No pictures belong in the copy. Reproduce exactly the lines beginning at the line containing "Aproximadamente 60 agricultores" and continuing to the end of the entries below.

Start of Block

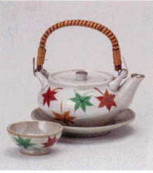
耐熱 ス415-088 もみじ土瓶むし φ11.5×6.3cm(320cc) (陶) (萬古焼) JPN 5,000円
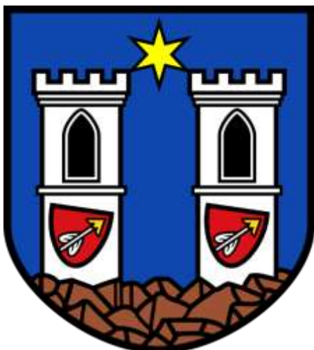
Obr. 16/ Znak města Horažďovice.
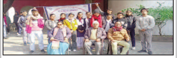
महाविद्यालय में आयोजित नुक्कड़ नाटक में भाग लेते शिक्षक व अन्य।
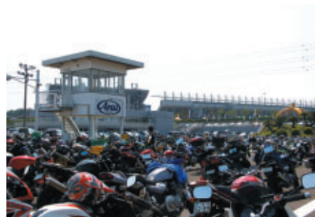
グランドスタンドにほど近い交通教育センターに設置された2輪専用駐車場
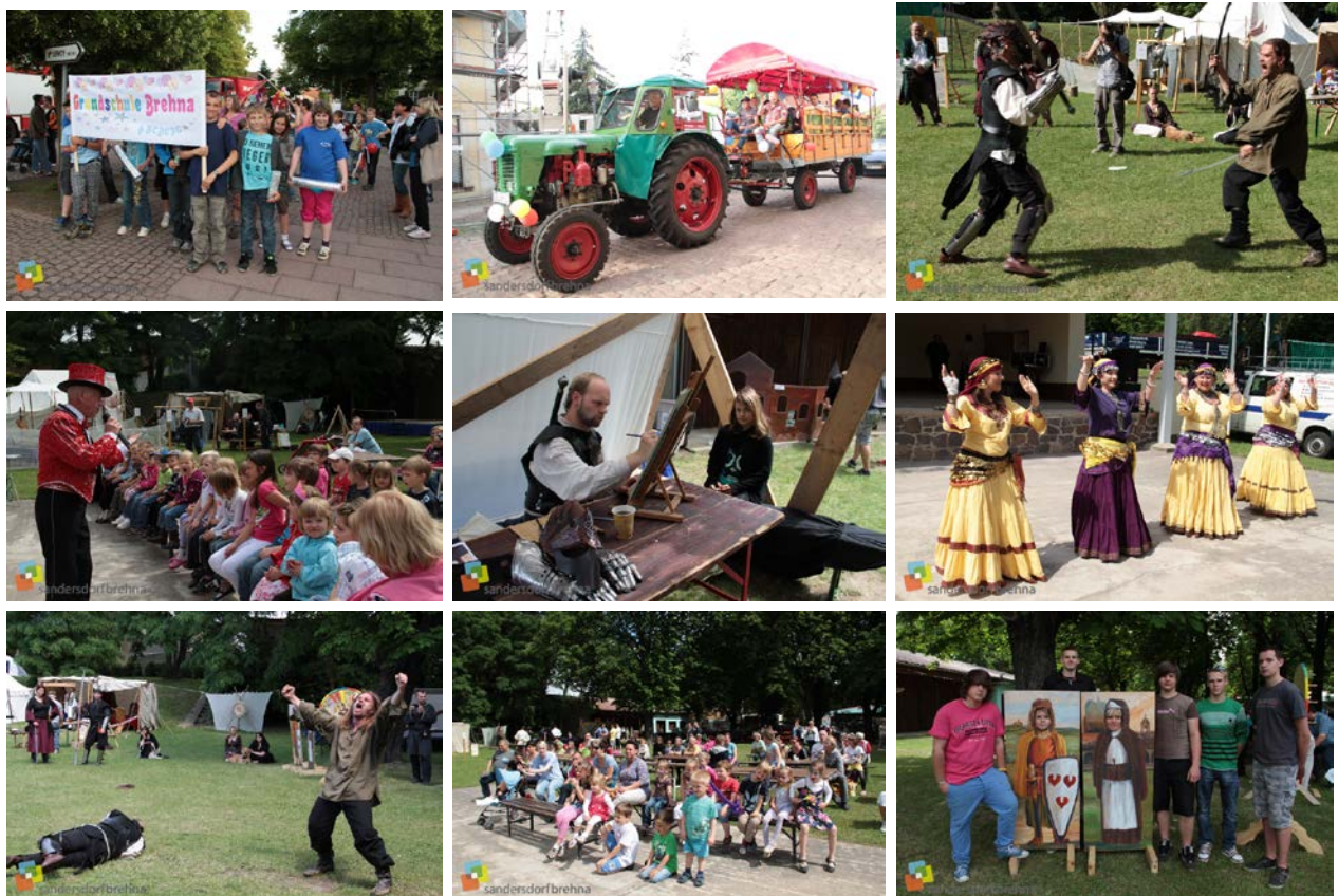
Bild [67-75]: 08.06.2012, Kinder- und Heimatfest Brehna

Kinder- und Heimatfest mit Mittelalterspektakel auf dem Schützenplatz.
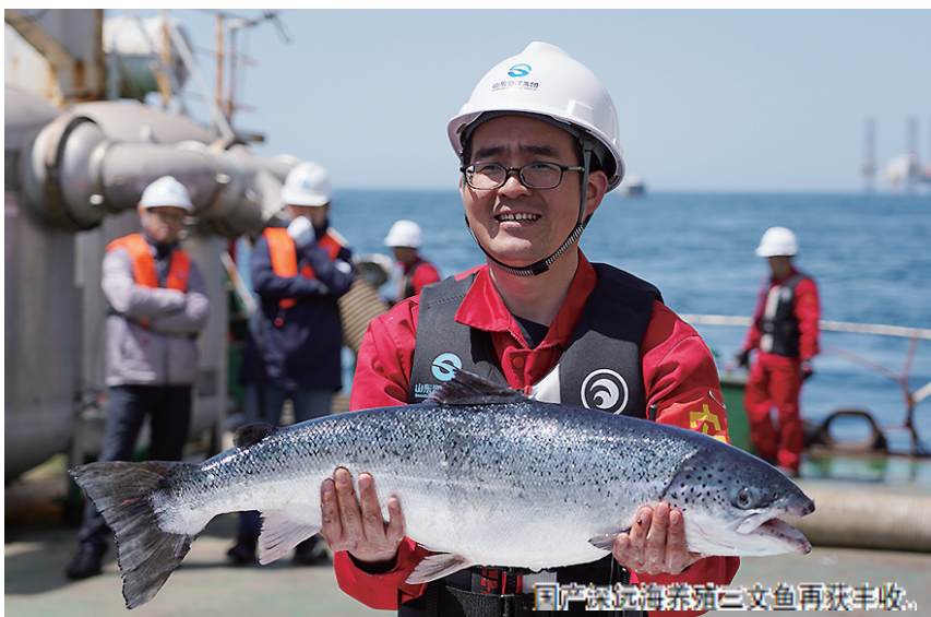
国产深远海养殖三文鱼再获丰收

西北距青岛市约120海里,位于黄海冷水团区域,总面积553.6平方公里,是全国首个、也是目前唯一一个国家级深远海绿色养殖试验区。
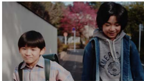
▶ ダイワハウス かぞくの群像#3「秘密」篇
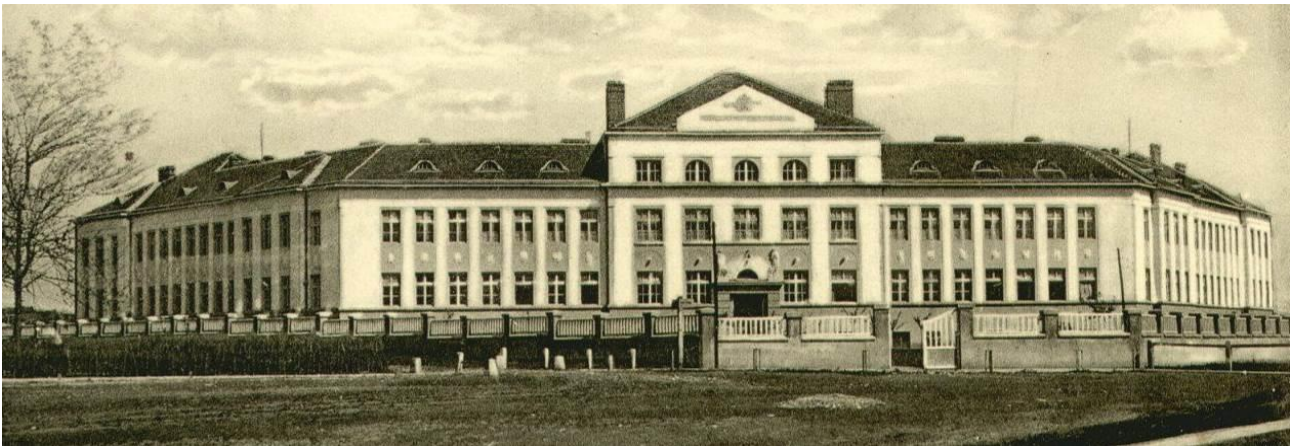
Слика 1. Женска учитељска школа -изглед из 1926. године
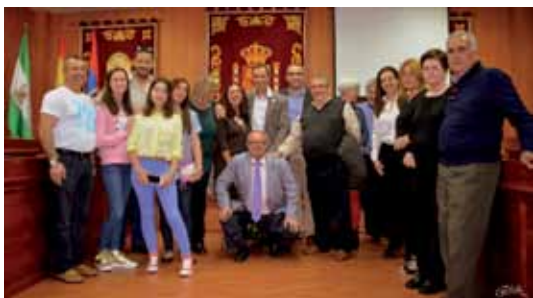
El Alcalde y la Delegada de Sanidad junto a los participantes en el Acto

El acto, muy emotivo, concluyó con la actuación de la chirigota palaciega "Marte y los Trece" que dedicó un tema a un joven donante de órganos de la localidad.
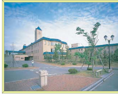
ケアフラザ岩見沢
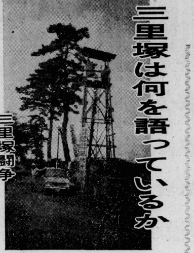
三里塚闘争 中間総括に向けて

10・21闘争は、学生運動の歴史に重要な一頁を刻みこんだ。その意義は、今日改めて見直さなければならない。この闘争は、単なる学生運動の延長線上にあり、社会運動としての性格を帯びてきた。その結果、学生運動のありかた、その目的、その手段、その組織、その思想、その行動、すべてが一新された。この闘争は、学生運動の歴史に重要な一頁を刻みこんだ。その意義は、今日改めて見直さなければならない。この闘争は、単なる学生運動の延長線上にあり、社会運動としての性格を帯びてきた。その結果、学生運動のありかた、その目的、その手段、その組織、その思想、その行動、すべてが一新された。
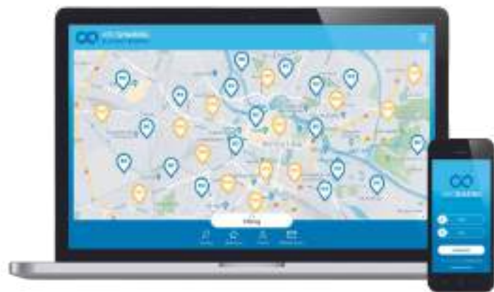
lokalny bank non-profit
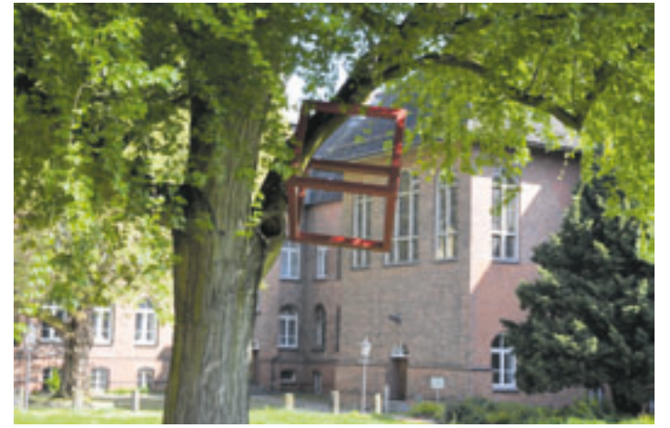
Die zuständige Behörde für Kunst und Medien lehnt den Kauf dieses hängenden Kunstwerkes in der Nähe des Harburger Rathauses ab

getrestriktionen finanziell nicht am Erwerb des Kunstwerks beteiligen.“ Die BKM schätze jedoch die kulturelle Bedeutung des Kunstwerks sehr und würden sich freuen, wenn alternative Finanzierungsmöglichkeiten gefunden werden könnten. Es wäre denkbar, durch private Sponsoren oder durch spezielle Förderprogramme zusätzliche Mittel zu akquirieren. Die Erweiterung des Kunstpfades durch das zusätzliche Werk würde zur Bereicherung der künstlerischen Gestaltung im innerstädtischen Bereich beitragen und die kulturelle Attraktivität des Bezirks steigern, erklärt die BKM.
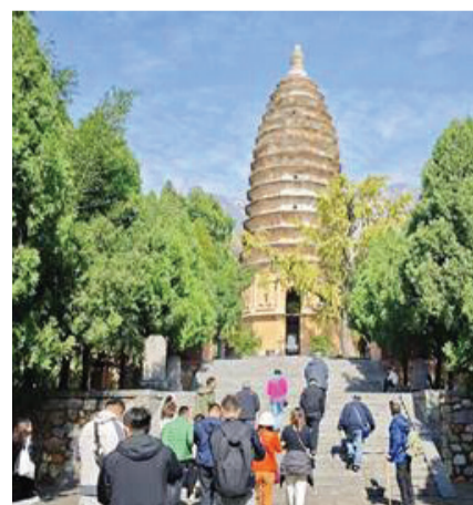
图为海外华文媒体代表探访嵩岳寺塔

中国现存最早的塔、中国唯一的十二边形塔、南北朝唯一现存古塔、世界上最早的筒体结构建筑……10月25日，“行走中国·报道中国海外华文媒体河南行”活动走进古都郑州，探访位于嵩山南麓的“塔王”——嵩岳寺塔。
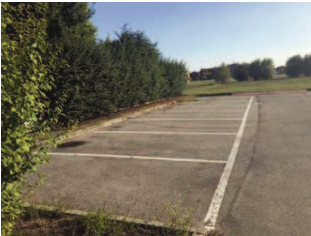
Fotografia 08 – Vista parcheggi pubblici esistenti
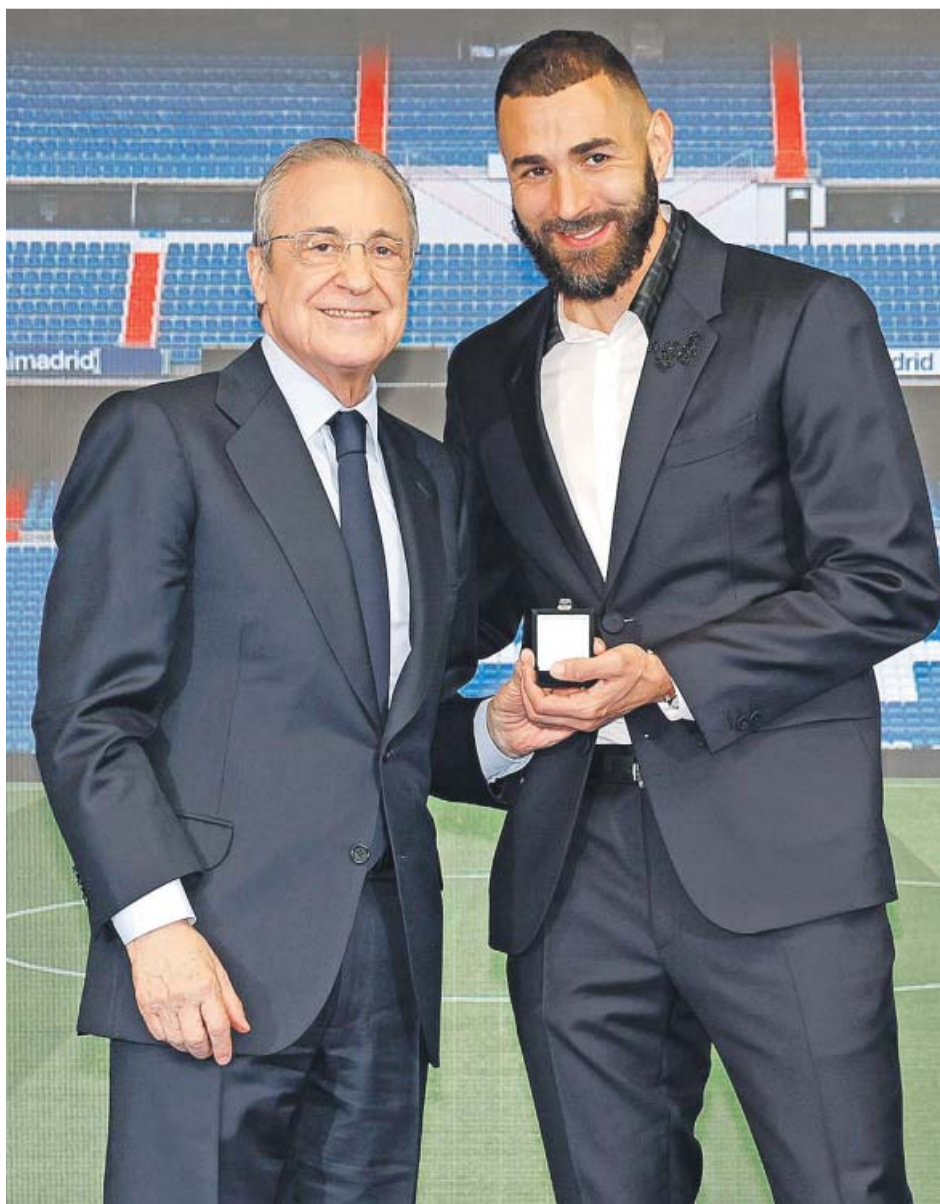
Florentino Pérez y Karim Benzema en la despedida del delantero francés.

La de ayer fue una despedida íntima a petición del delantero francés, fiel reflejo de su personalidad. Pese a ser el segundo máximo goleador de la historia del Real Madrid y el que más títulos tiene, cinco Champions entre ellos, su acto de despedida desprendió humildad. Estuvieron presentes Carlo Ancelotti y solamente cuatro jugadores (Courtois, Modric, Lucas Vázquez y Na-
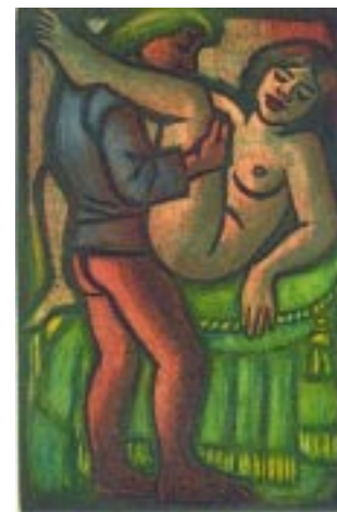
Jornada III, Cuento el Palafrenero. Siempre aflora la condición humana.
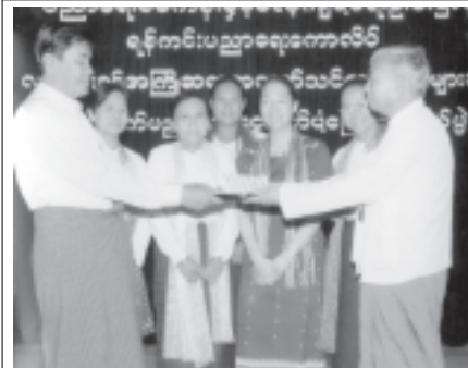
ရန်ကင်းပညာရေးကောလိပ်

ရန်ကုန်တိုင်း သယံဇာတနှင့် သတ္တုပစ္စည်း ကြီးပွားရေးရပ်ကွက် မဟာ စည်မြဝတီသာသနာ့ရိပ်သာ၌ ဝါဆို ဝါကပ်တော်မူကြသည့် မြဝတီဆရာတော်အမှူးရှိသော ဆရာတော်၊ သံဃာတော်အရှင်သူမြတ်တို့အား (၁၃)ကြိမ် မြောက်ဝါဆိုသက်နန်းဆက်ကပ်လွှဲဒါနံ့ ပွဲကို ၁၃မိနစ်ခန့် ဒုတိယဝါဆိုလပြည့် (ဇူလိုင် ၃၀ရက်) စနေနေ့နံနက် ၈နာရီ တွင် ကျင်းပမည်ဖြစ်သည်။ မိမိသဒ္ဓါ အလျောက်လွှဲဒါနံ့လိုသော အလှူရှင်များ မြဝတီသာသနာ့ရိပ်သာ ဖုန်း-၅၅၂၆၄၁၇ ဆက်သွယ်လွှဲဒါနံ့နိုင်ကြောင်းသိရသည်။ (က-ပ)
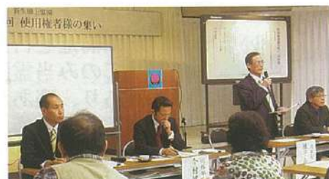
▲ 当日は、理事長・副理事長・理事・総務部長から説明致しました。

11月17日(土)に第3回使用権者様の集いが行われました。当日は雨の降るあいにくの天気となりましたが、45名の使用権者様が来会され、平成24年の当園の事業内容と今後の事業計画をご説明致しました。当日来会された方々から、貴重なご意見やご要望を伺うことができました。今後の運営の参考にさせていただきます。ご参加いただき、ありがとうございました。
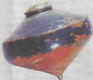
GASING LANG LAUT
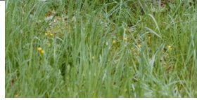
Jüdischer Friedhof Untermerzbach.
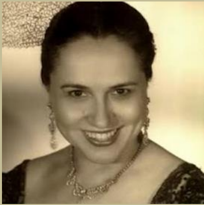
Gracia de Triana

“ En hombre, yo; en mujer, Gracia de Triana ”. Con esta frase tan rotunda sentenciaba el gran cantaor Pepe Marchena quiénes, para él, eran las dos figuras más relevantes de la época dentro del mundo del flamenco y la copla.
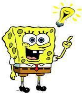
Hoe ga ik het doen?
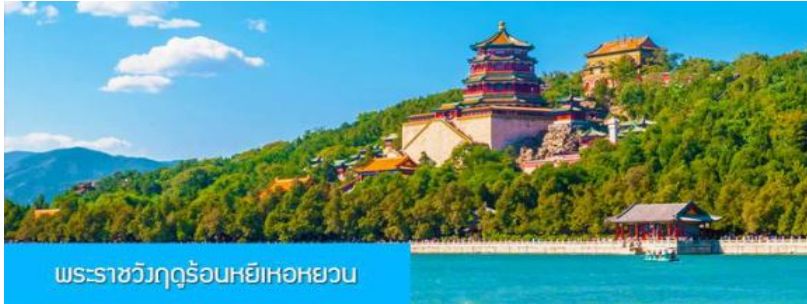
พระราชวังฤดูร้อนหยี่เหอหยวน
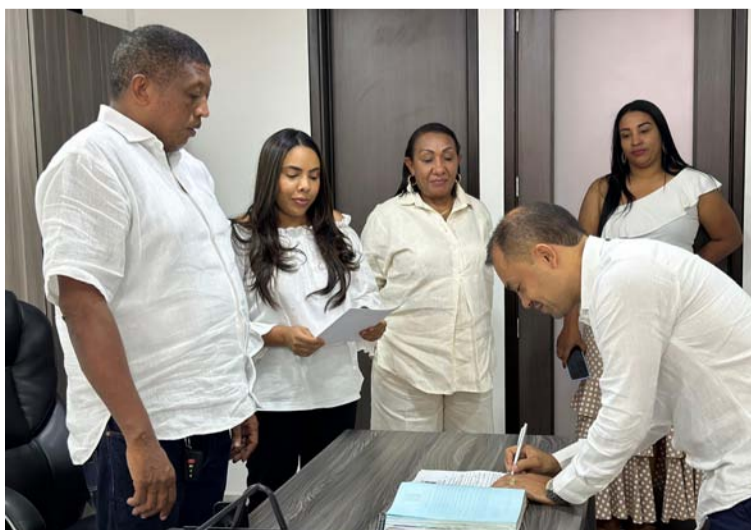
El nuevo gerente cumplirá el periodo constitucional comprendido entre 01 de abril de 2024 y 31 de marzo del 2028.
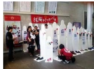
市役所ロビーでの展示
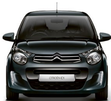
Sivá GALAXITE (M)
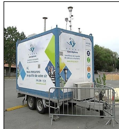
Estació de mesura de la qualitat de l'aire a França.
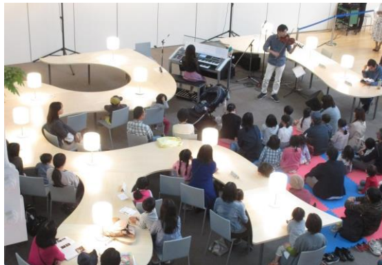
こどもワイワイ図書館 バイオリンとエレクトーンの音楽会（中央図書館）
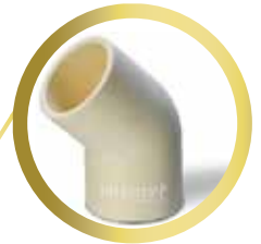
Codo 45 1/2" y 3/4"
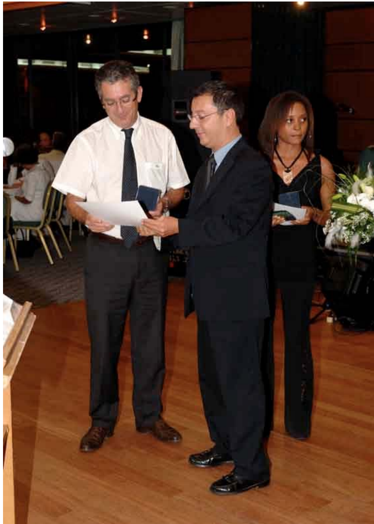
Remise du prix de l'engagement 3
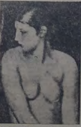
M. SIMONIDY — "Buste de jeune fille"

Decir que es clásico sería incurrir en un error de estimación, siendo que si bien tiene como los ma-
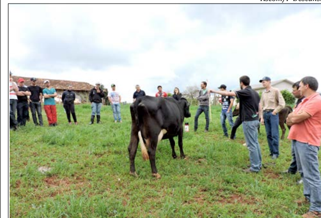
Aproximadamente 60 agricultores e inseminadores participaram da programação
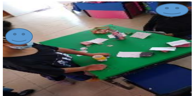
Favoreciendo el uso de las monedas en actividades de compra y venta mediante el juego

End of Block

Response:
Aproximadamente 60 agricultores e inseminadores participaram da programação
Favoreciendo el uso de las monedas en actividades de compra y venta mediante el juego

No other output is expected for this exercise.